Questions avoid duplicating prior prompts by quantifying tradeoffs, attributes, credibility cues, funding preferences, focus balance, and service expectations.
Study Overview Updated Jan 28, 2026
Research question: Understand how Georgia voters view Jon Ossoff vs. Mike Collins and what issues drive their 2026 Senate vote, including reactions to Collins’ “MAGA trucker who will steamroll the radical left” message.
Research group: n=6 Georgia voters across rural counties, Savannah, and Athens (ages 27–65; mix of retiree, service worker, data professional, organizer; bilingual and senior perspectives represented).

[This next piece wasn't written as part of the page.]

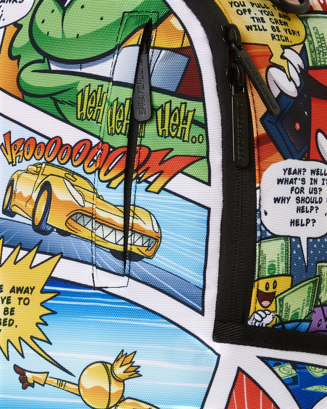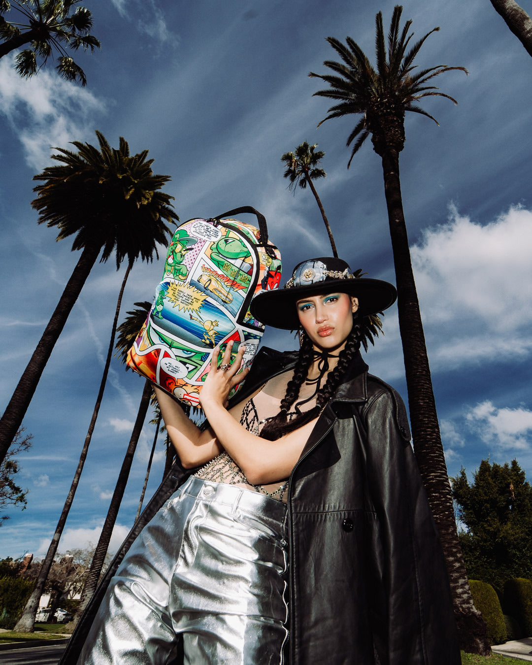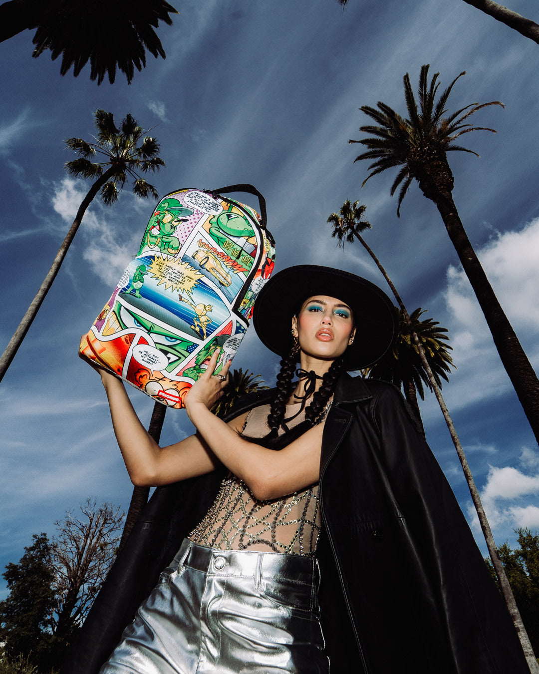 Dimensions: 18' x 6' x 11.5' • Front zipper pocket • Side pockets • Zippered Stash pocket • Separate velour sunglass compartment • Ergonomic mesh back padding • Adjustable Straps for custom sizing • Gold zippers with metal hardware • Metal 'Sprayground Authentic' badge • Slide through back sleeve connects to carry-on luggage to free your hands
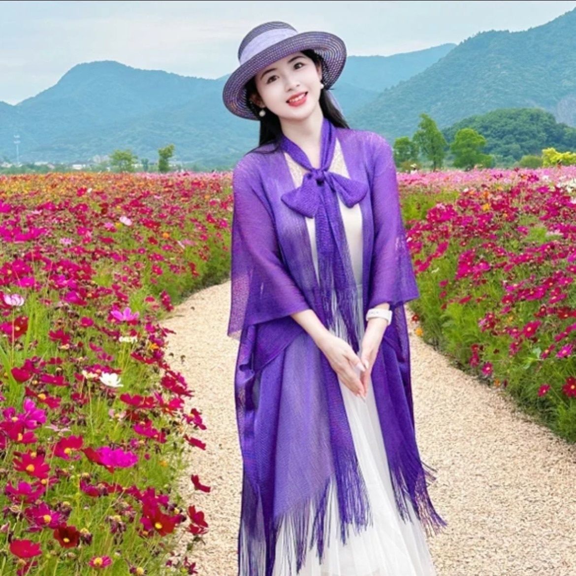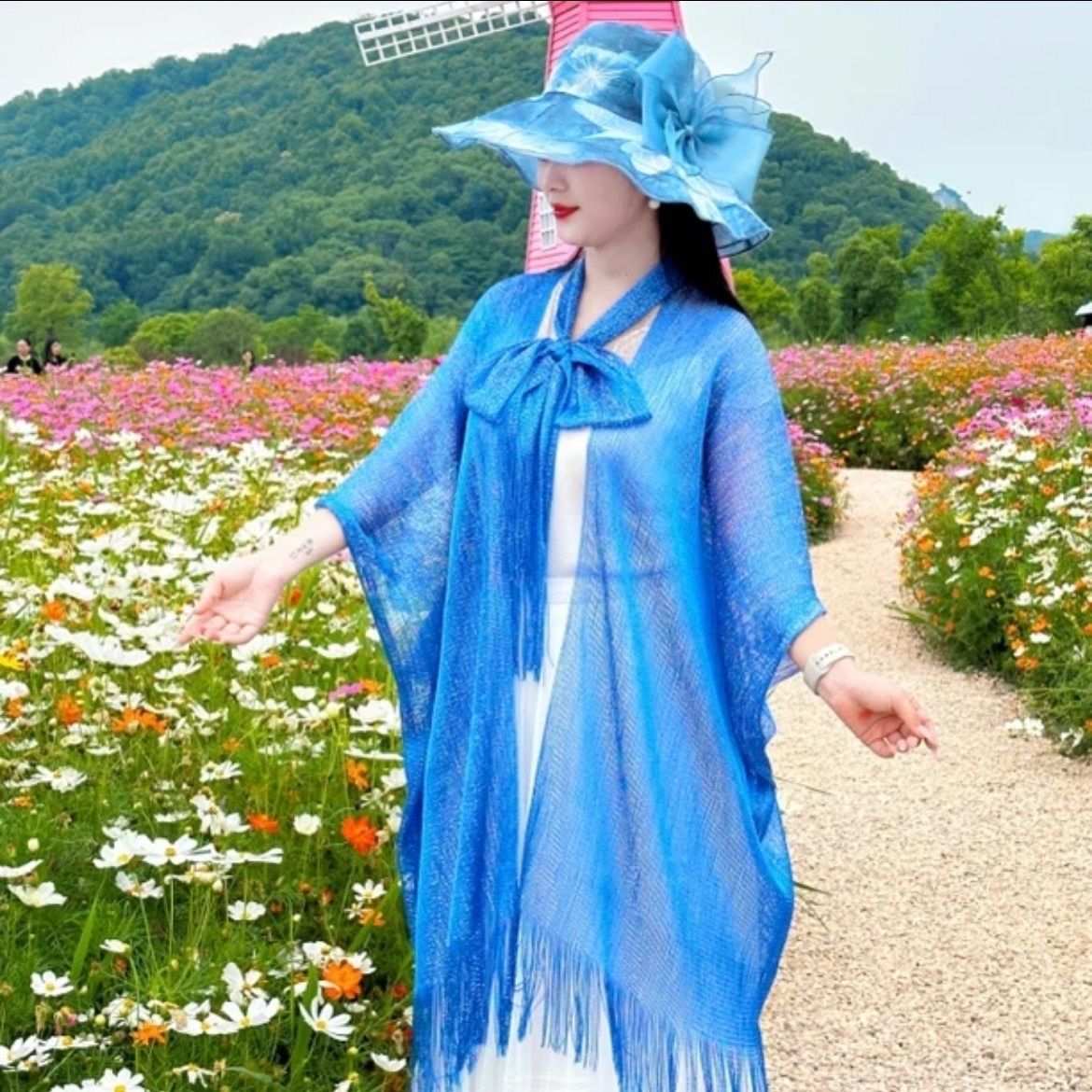[Wei Yi] 봄과 여름 2024 새로운 금과 실버 실크 밝은 실크 긴 술 코트 외국 스타일 여행 사진 밝은 색상

What they said: Ossoff is the default “boring, competent” choice, but support hinges on visible local wins and not nationalizing the race; Collins gains only if he stays narrowly on logistics/permitting, small‑business relief, and protects working‑class healthcare, as the “steamroll the radical left” framing largely repels persuadables. Main insights: Vote drivers are pocketbook pressures (rent, utilities, junk fees), reliable local infrastructure (ports/roads/broadband/drainage), accessible healthcare (rural hospitals, lower drug costs) and seniors’ programs, “order without cruelty” on immigration, ethics/transparency, responsive constituent service, and plans with explicit timelines, KPIs, and pay‑fors; culture‑war theatrics, shutdown brinkmanship, and election denial are strong negatives.
Divergences: One voter gives Collins an edge if he remains disciplined on jobs/logistics and avoids performative rhetoric; others elevate data privacy/civil liberties and service‑worker needs (voting access, micro‑grants, clearer permitting).
Takeaways: Win with concrete, local deliverables (ports/I‑16–I‑95 fixes, real broadband, apprenticeships) backed by clear budgets and metrics; explicitly protect Medicare/Medicaid/Social Security/SNAP; maintain continuous local presence and high‑touch constituent service; avoid antagonistic tone and stick to steady, results‑focused governance.